Afterwards, before getting on the bike I check the gear lever and it seems tight. I crank her up and take off. The check engine light comes on. I ignore it, pick up speed and shift to second, where it refuses to go. The green light glows telling me I’m still in neutral and the gear won’t move. I pull off to the side of the road and once more assume the basic bent posturing position. The gear lever is floppy again. I re-tighten it and say to myself: “If I can just get to the Harley shop!” It’s about a mile away. I crank Big Red up, put her in first and take off. I decide to just ride in first gear and wind her out as much as I can. Traffic light, turn left, cross the interstate bridge, past McDonalds, turn right at the light, and down to the Harley shop.

I speak knowledgeably to the service engineer about the gear shift lever, the thingamajig and the whatchamacallit. He scratches his head but then nods and says: “I think I know what it is.” I follow him back out to Big Red and he assumes the basic posture and examines the bike. This time the twins – confidence and competence – are present. He explains what’s wrong, that it’s not uncommon and that he should be able to fix it and get me back on the road in “no time”. I’m thrilled, agree, give him my details, and walk around the store looking at the Harley merchandise and pondering the existential meaning of “no time”.
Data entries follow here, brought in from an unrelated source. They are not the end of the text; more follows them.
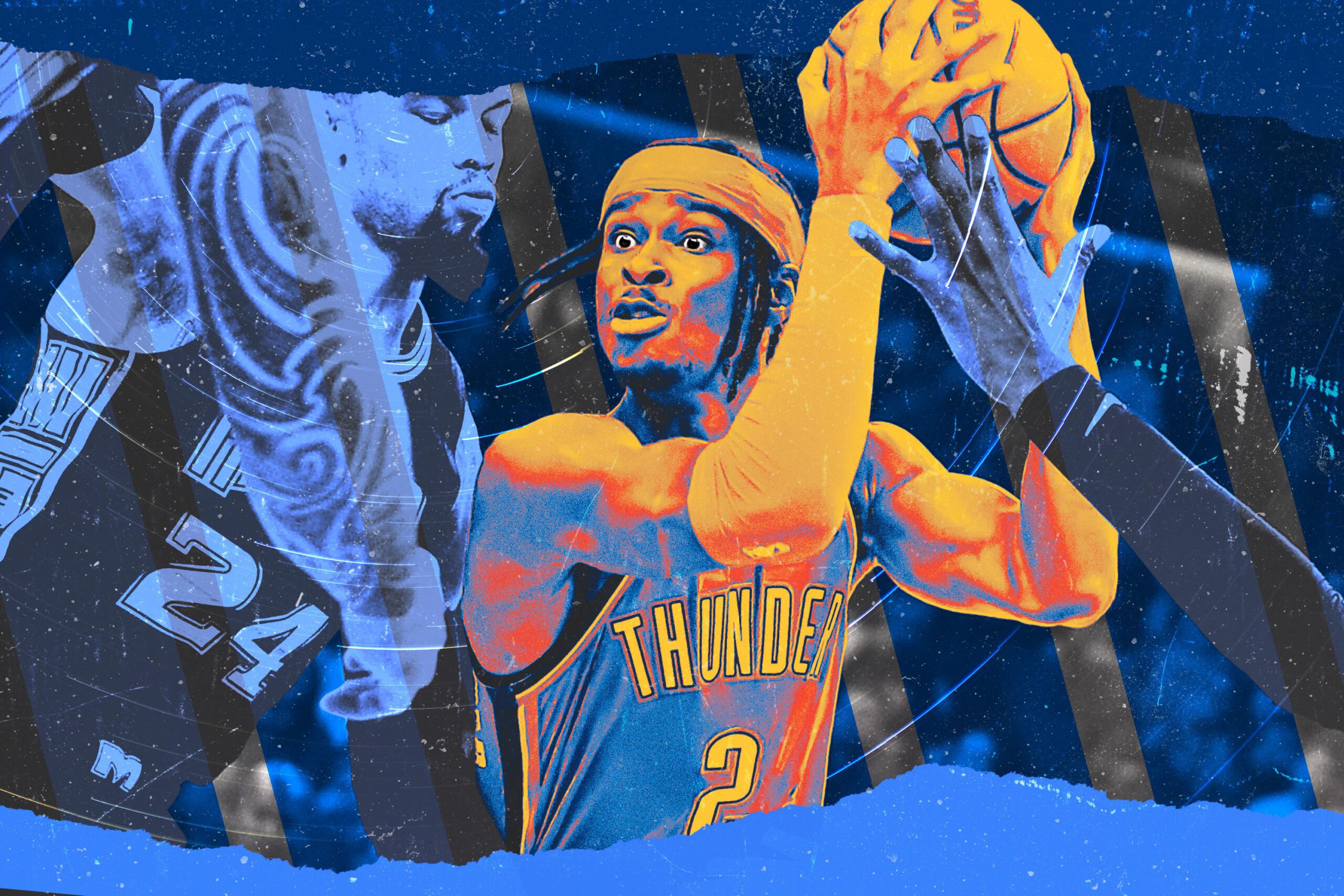 A strong flavor and style for days, Shai Gilgeous-Alexander is one of the most unique scorers in recent memory. As a ball handler, he makes his moves in the space between the beats. Keeps his stuff silky and distorted, the patron saint of deceleration, speeds up and slows down the frame rate on his drives, then uses his length to surge toward daylight and finish with style. Will happily aim at a defender’s hip and make straight-line drives to the cup, or take more scenic routes. Himothy Olyphant enjoys a nice zag, gets rowdy on the serpentine roads. He has the entire range of Eurosteps at his disposal and can deploy them in an instant. In a crowd he’ll morph into apparition, twist defenders into warped eights. The handle is deceptively tight and he gets slippery on demand. The man’s a purveyor of luxurious hesitations. Guarding him is like trying to shake hands with a tornado.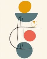 Plakat z serii boho zatytułowany Równe Kompozycje.Plakat ten czerpie z koncepcji równowagi w sztuce, ukazując złożone kształty i kolory. Kulista forma w odcieniu musztardowym spoczywa na większej, niebieskawej powierzchni, a wszystko to jest podparte przez delikatne linie i kształty, które zdają się być w ruchu. Malutkie serce w odcieniu pomarańczowym dodaje delikatnego akcentu, a ciepłe i spokojne kolory komponują się w wizualną poezję. Ten plakat wniesie harmonię i subtelny dynamizm do każdego nowoczesnego wnętrza, pasując do przestrzeni, które cenią sobie prostotę i wyrafinowanie. Jego uniwersalność sprawdzi się w domowych salonach, biurach, a także w przestrzeniach publicznych takich jak kawiarnie czy lobby, gdzie sztuka ma za zadanie uspokajać i inspirować.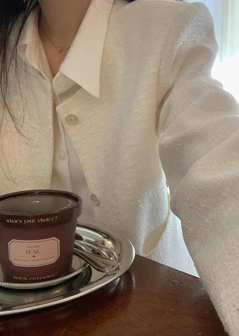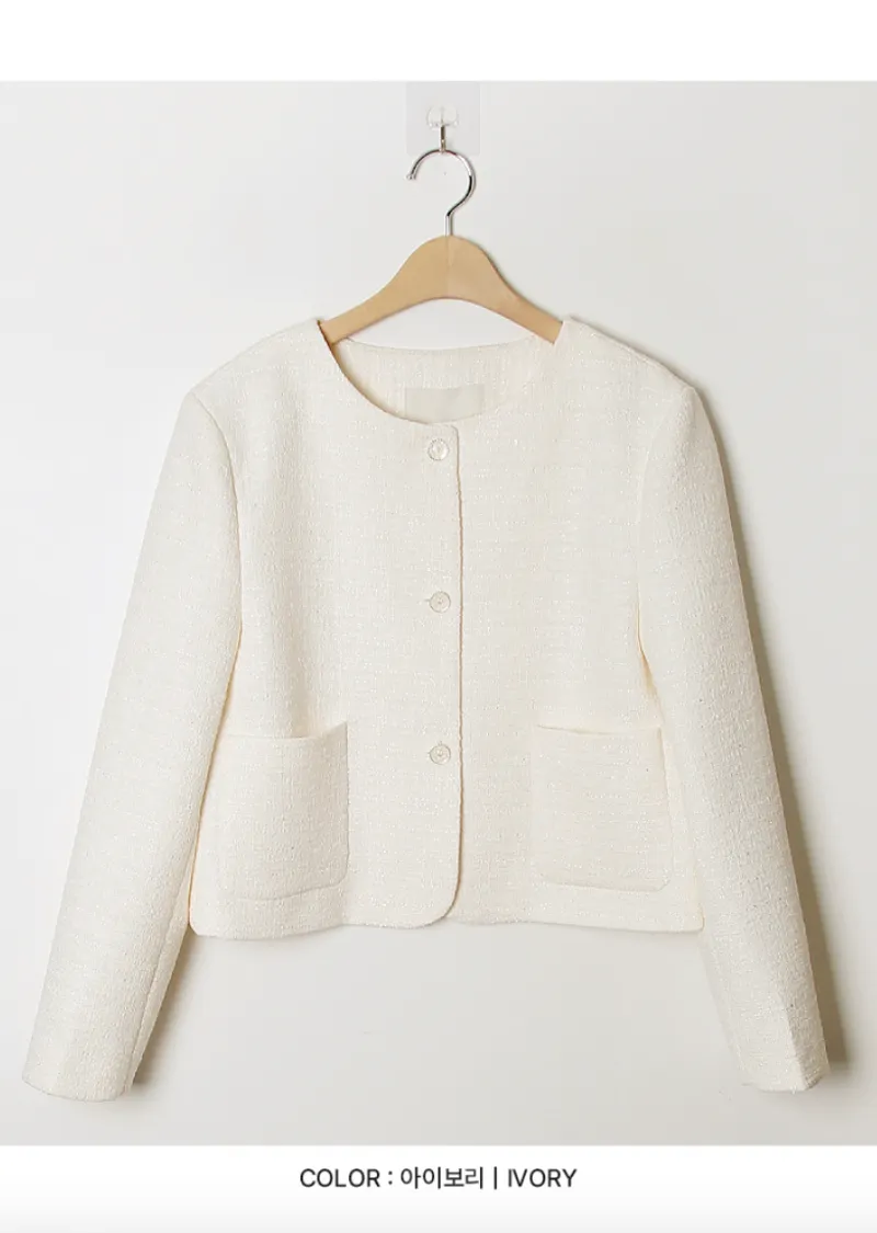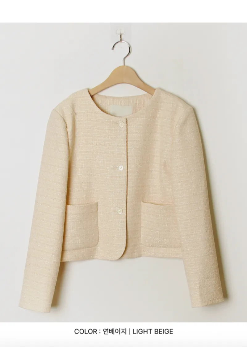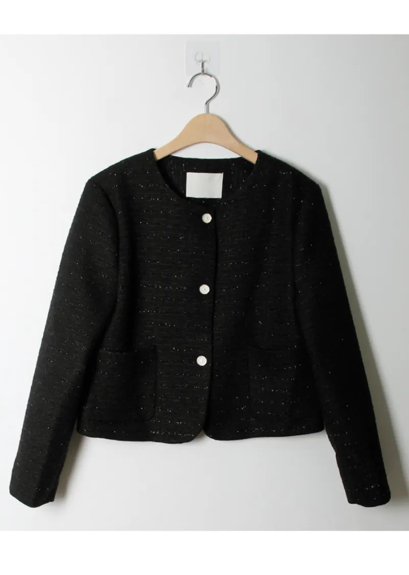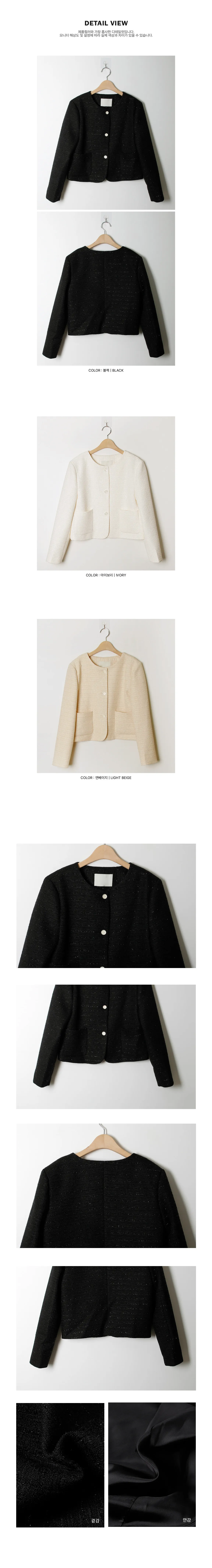 材質:100% 聚酯纖維。散發浪漫氣息的花呢外套 !這款外套是換季時節出席正式場合的完美選擇 。花呢布料與銀線交織,極具精緻感 。標準版型與及臀的短設計,打造出修長腿部線條 。獨特的鈕扣增添了一絲奢華氣息, 而無領圓領則確保了簡潔俐落的造型。 纖薄的墊肩提升了整體的合身度 。作為一款充滿女性魅力的外套, 無論是出席婚禮還是約會,都能輕鬆打造完美造型。

In a Wrigley’s Believe It or Not moment the bike is repaired within 15 minutes and at a cost of only $40! I am stunned, appreciative and thankful. I hop back on the bike and take off. She moves easily and happily through the gears, chortling her appreciation. I’m back on the interstate again. I’m slaloming past trucks, their wind drafts sucking me out and in. I listen to the hum and hymn of the engine. I thank God, think of all the things I’m grateful for and keep my eye out for the Zen exit.